→ Your instructions
Output exactly, and only, the lines below from the one with "XYZ 16.703,24.948,29.922 Color" down to the one with "吴国华校长在忠北大学与我校交流学生座谈". Include both end lines and no pictures.

::: Data provided

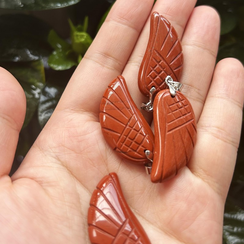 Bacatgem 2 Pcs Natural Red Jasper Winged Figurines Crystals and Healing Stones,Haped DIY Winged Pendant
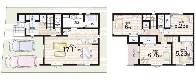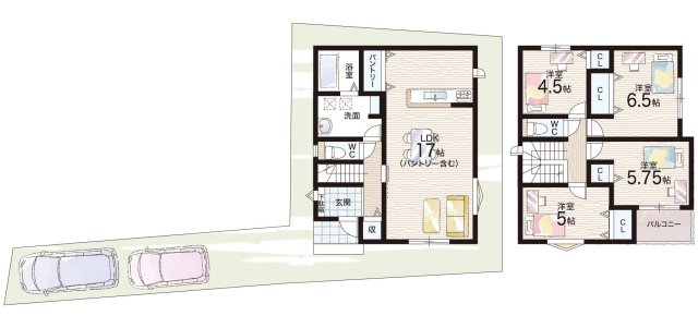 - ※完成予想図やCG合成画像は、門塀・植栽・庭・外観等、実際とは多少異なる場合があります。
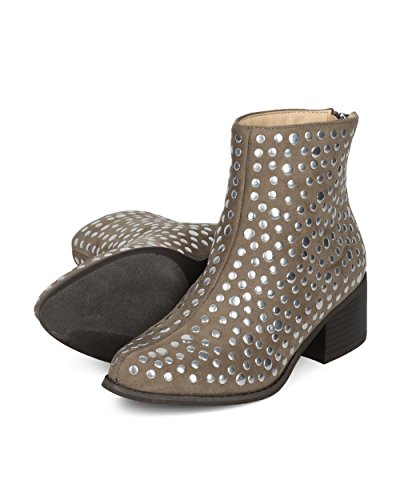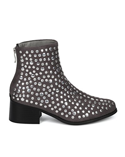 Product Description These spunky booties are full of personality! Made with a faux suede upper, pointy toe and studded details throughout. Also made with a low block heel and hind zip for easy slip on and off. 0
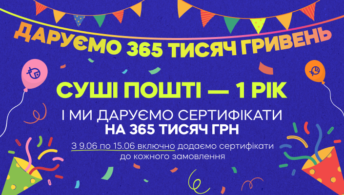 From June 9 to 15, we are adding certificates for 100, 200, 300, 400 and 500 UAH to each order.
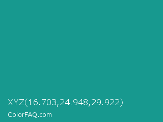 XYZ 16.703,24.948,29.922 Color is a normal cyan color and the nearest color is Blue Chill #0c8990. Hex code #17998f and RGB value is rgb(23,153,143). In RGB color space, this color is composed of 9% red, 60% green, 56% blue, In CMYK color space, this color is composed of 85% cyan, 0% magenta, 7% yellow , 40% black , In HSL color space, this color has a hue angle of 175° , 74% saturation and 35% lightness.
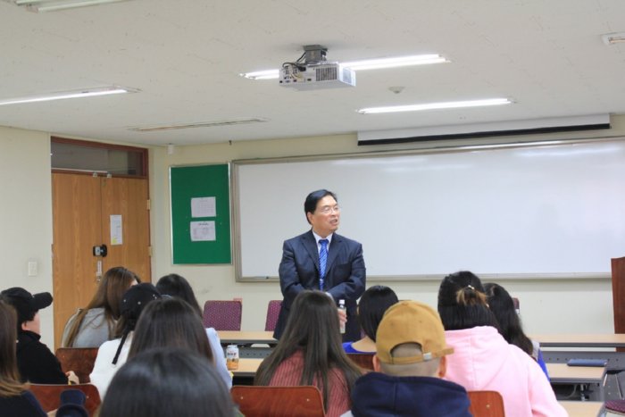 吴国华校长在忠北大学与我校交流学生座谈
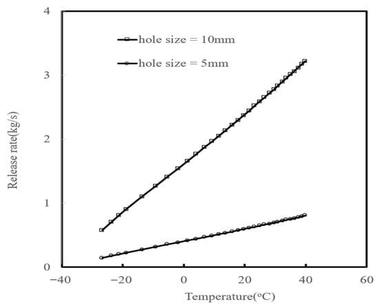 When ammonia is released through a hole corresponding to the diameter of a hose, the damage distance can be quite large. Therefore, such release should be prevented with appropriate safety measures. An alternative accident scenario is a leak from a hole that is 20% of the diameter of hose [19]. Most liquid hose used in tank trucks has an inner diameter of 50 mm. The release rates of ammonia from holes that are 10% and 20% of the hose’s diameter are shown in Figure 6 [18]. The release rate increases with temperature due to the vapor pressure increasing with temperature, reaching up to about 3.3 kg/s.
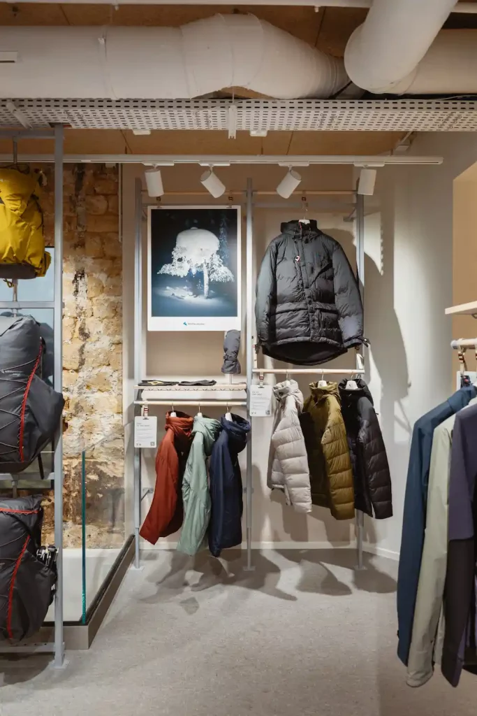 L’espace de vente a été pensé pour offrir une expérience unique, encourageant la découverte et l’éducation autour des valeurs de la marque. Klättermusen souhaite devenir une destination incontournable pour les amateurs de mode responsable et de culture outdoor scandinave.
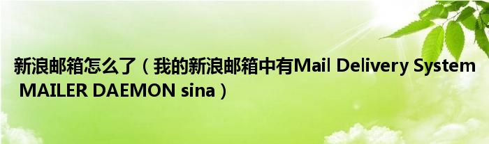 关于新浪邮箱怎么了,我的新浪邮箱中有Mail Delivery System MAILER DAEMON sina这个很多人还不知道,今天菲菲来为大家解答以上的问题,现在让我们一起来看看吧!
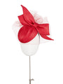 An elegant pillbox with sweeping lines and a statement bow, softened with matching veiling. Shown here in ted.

::::::

→ Reply to the exercise
 XYZ 16.703,24.948,29.922 Color is a normal cyan color and the nearest color is Blue Chill #0c8990. Hex code #17998f and RGB value is rgb(23,153,143). In RGB color space, this color is composed of 9% red, 60% green, 56% blue, In CMYK color space, this color is composed of 85% cyan, 0% magenta, 7% yellow , 40% black , In HSL color space, this color has a hue angle of 175° , 74% saturation and 35% lightness.
 吴国华校长在忠北大学与我校交流学生座谈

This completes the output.